**Exercise instructions:** Write out the lines below exactly, beginning at the one with "Frequency responses of" and stopping after the one with "이 아름다운 30cm"; the pictures are not copied.

**Records:**
╭──

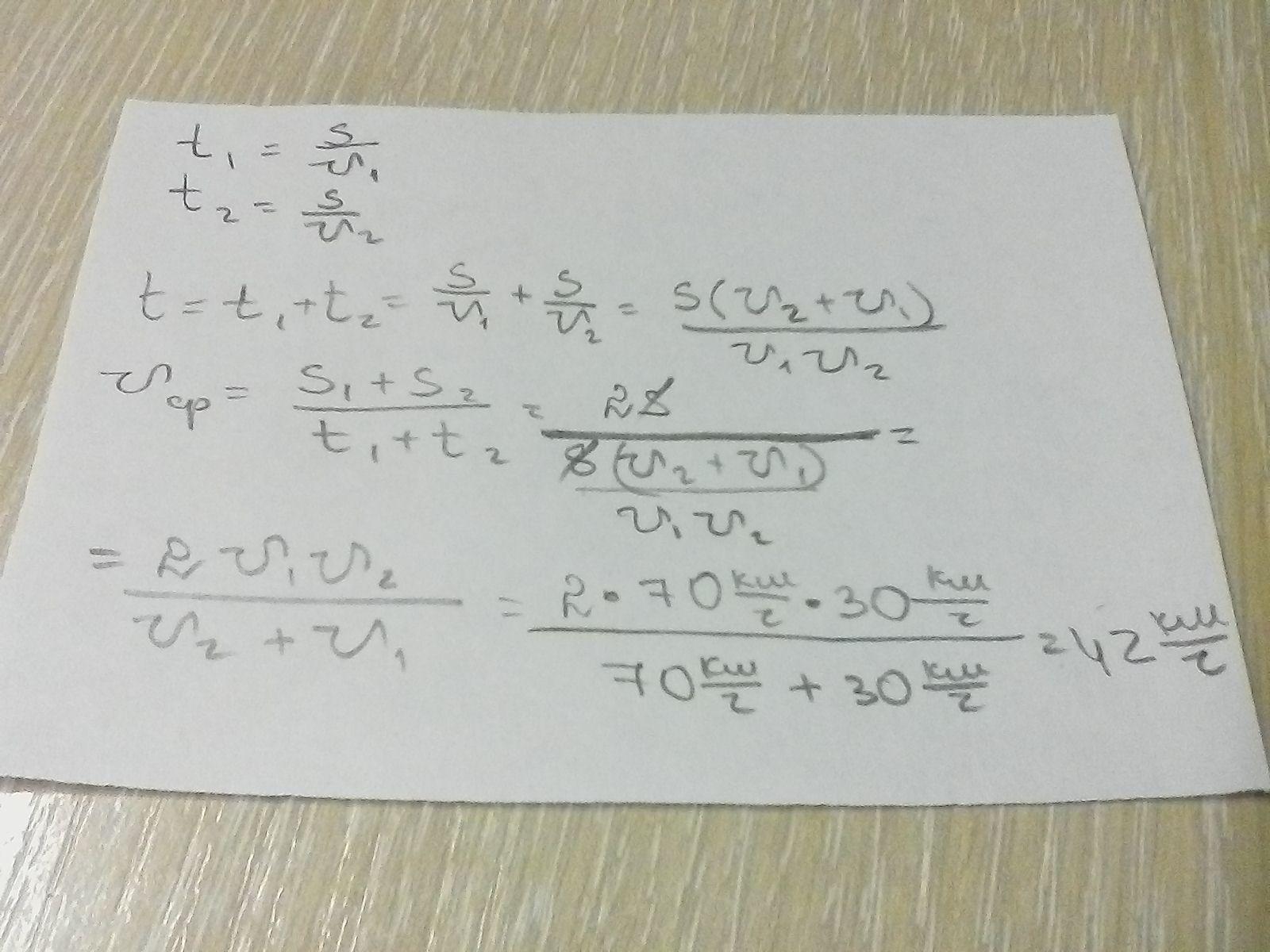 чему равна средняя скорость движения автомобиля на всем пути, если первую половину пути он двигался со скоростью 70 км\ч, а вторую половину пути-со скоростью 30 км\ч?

╰──
╭──

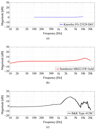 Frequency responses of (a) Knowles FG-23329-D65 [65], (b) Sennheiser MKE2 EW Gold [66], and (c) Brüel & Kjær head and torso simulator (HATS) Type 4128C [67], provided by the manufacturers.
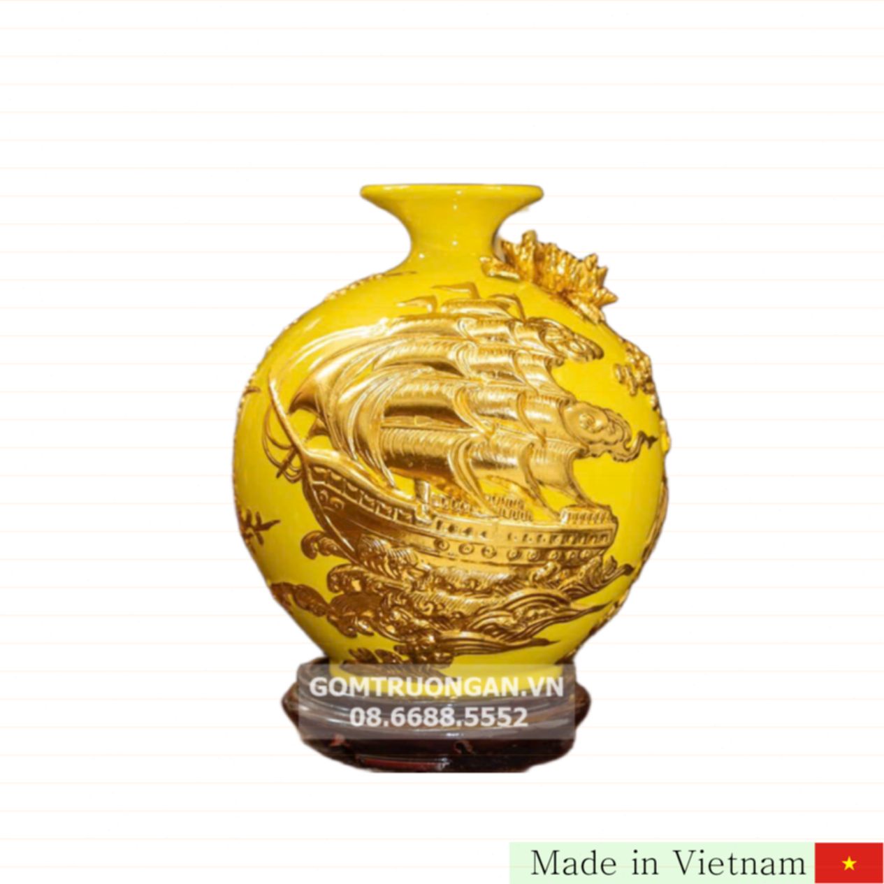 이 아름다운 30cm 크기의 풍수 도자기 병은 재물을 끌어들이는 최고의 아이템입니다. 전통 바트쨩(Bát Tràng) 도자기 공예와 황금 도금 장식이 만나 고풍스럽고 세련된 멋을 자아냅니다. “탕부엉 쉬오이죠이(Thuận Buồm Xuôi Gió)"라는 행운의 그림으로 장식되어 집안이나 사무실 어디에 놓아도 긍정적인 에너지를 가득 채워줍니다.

╰──
╭──

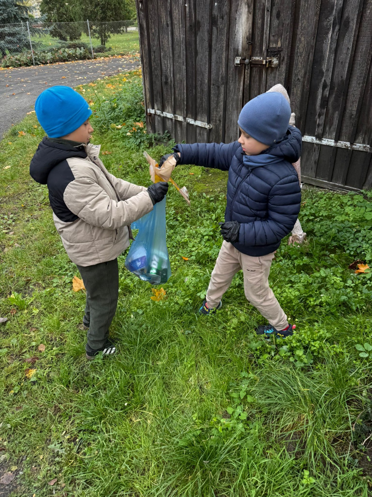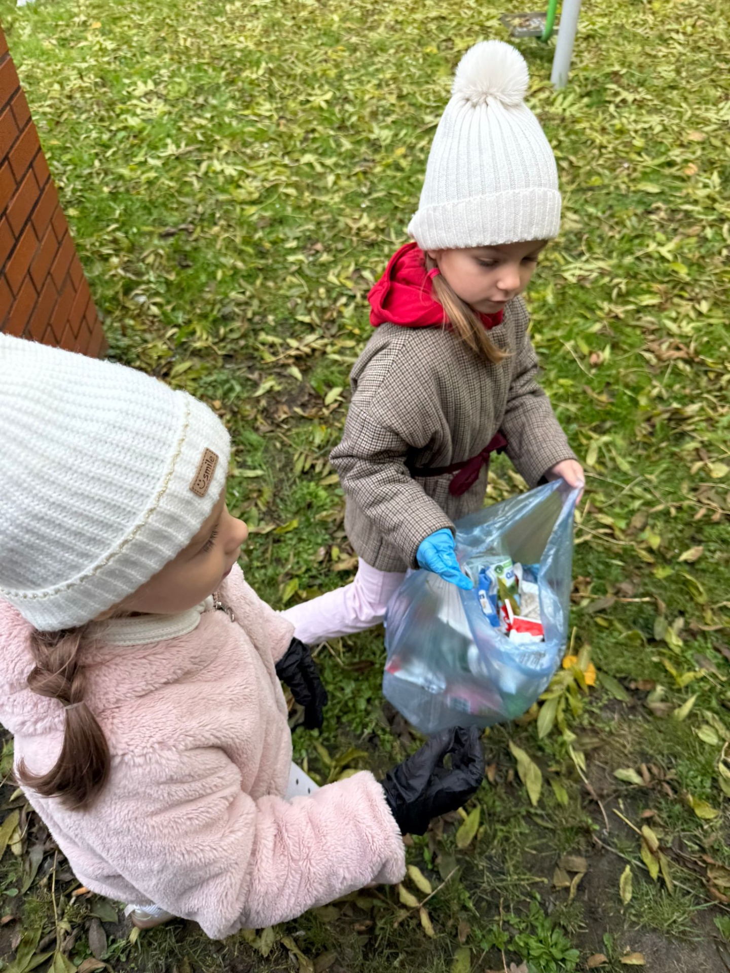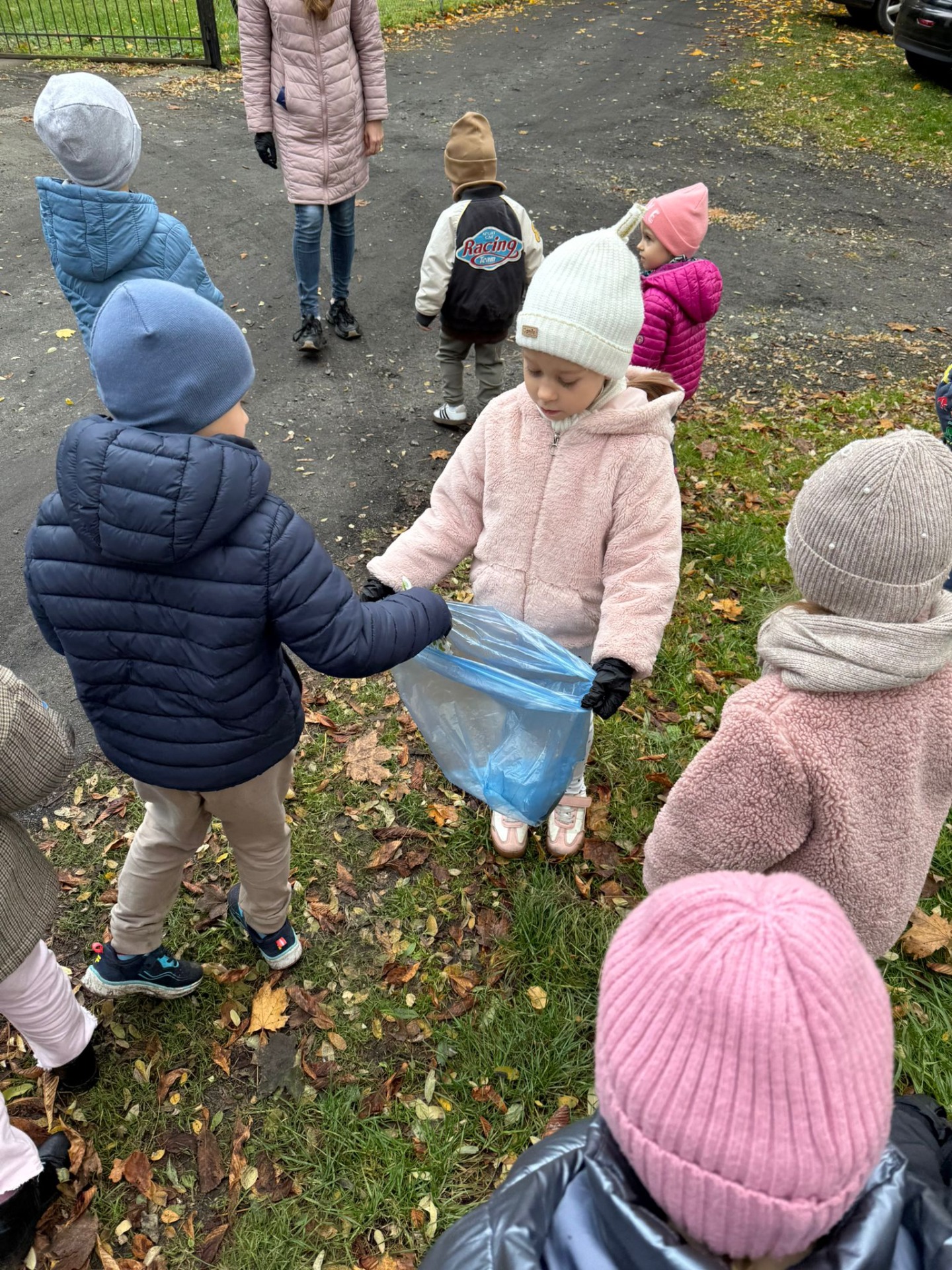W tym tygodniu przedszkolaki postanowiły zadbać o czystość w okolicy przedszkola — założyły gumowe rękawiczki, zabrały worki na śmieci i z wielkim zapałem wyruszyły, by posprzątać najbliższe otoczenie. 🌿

╰──

**Answer area:**
 Frequency responses of (a) Knowles FG-23329-D65 [65], (b) Sennheiser MKE2 EW Gold [66], and (c) Brüel & Kjær head and torso simulator (HATS) Type 4128C [67], provided by the manufacturers.
 이 아름다운 30cm 크기의 풍수 도자기 병은 재물을 끌어들이는 최고의 아이템입니다. 전통 바트쨩(Bát Tràng) 도자기 공예와 황금 도금 장식이 만나 고풍스럽고 세련된 멋을 자아냅니다. “탕부엉 쉬오이죠이(Thuận Buồm Xuôi Gió)"라는 행운의 그림으로 장식되어 집안이나 사무실 어디에 놓아도 긍정적인 에너지를 가득 채워줍니다.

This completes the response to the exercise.